You can swap in ground turkey, chicken, or veggie meat alternatives with some sage, thyme, and a touch of maple syrup to get that breakfast sausage taste. If you don't eat meat, sautéed mushrooms and onions work great as your filling base.
- → How should I store leftover breakfast pop-tarts?
Let them cool down and put them in a sealed container in your fridge for up to 3 days. When you want one, heat it in a toaster oven or regular oven at 350°F for about 10 minutes till it's hot all the way through. To keep them longer, freeze them with parchment paper between each layer.
- → Can I use store-bought pie crust instead of making the dough?
Sure thing, ready-made pie crust works in a pinch. But the dough made from scratch makes a stronger pocket that doesn't leak filling. If you go with store-bought, watch your baking time since it usually browns faster.
- → What other fillings work well in these breakfast pastries?
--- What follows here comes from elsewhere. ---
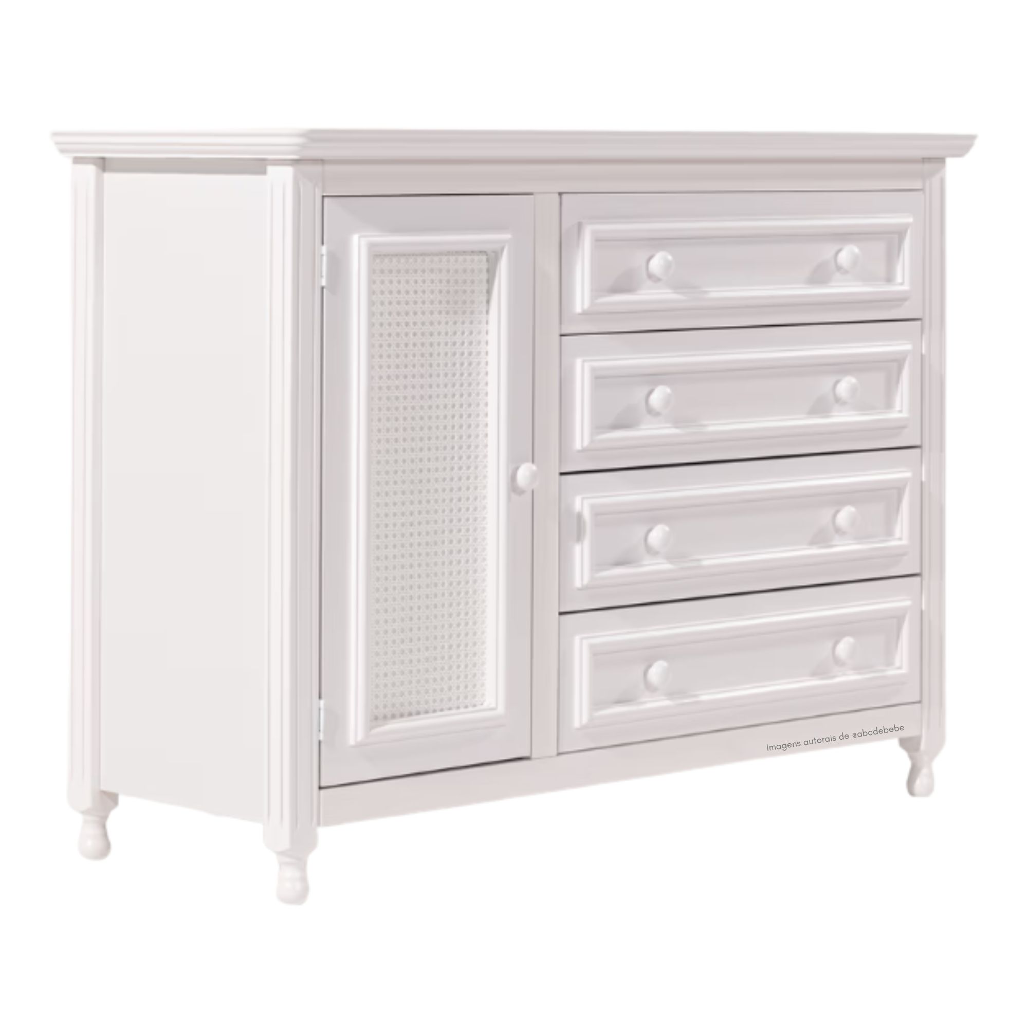 A Cômoda Infantil Feliz foi criada para quem busca um móvel sofisticado, funcional e com acabamento impecável. Seu design clean, combinado à porta com tela trançada artesanalmente, transforma a cômoda em um destaque elegante para o quarto do bebê, trazendo leveza e textura ao ambiente 🧸✨

These pockets are super flexible. Try some ham and cheese with spinach, bacon with scrambled eggs and cheddar, or go meatless with roasted veggies and goat cheese. Just make sure any meat is cooked beforehand and stay away from really wet stuff that might make your pastry soggy.
- → Why does the recipe call for vinegar in the dough?
The vinegar does two big jobs in your dough. It stops too much gluten from forming, so your crust stays tender. It also bubbles with the other stuff to make tiny air holes that grow when baking, giving you those flaky layers everyone loves. Don't worry about the taste—the vinegar completely disappears when it bakes.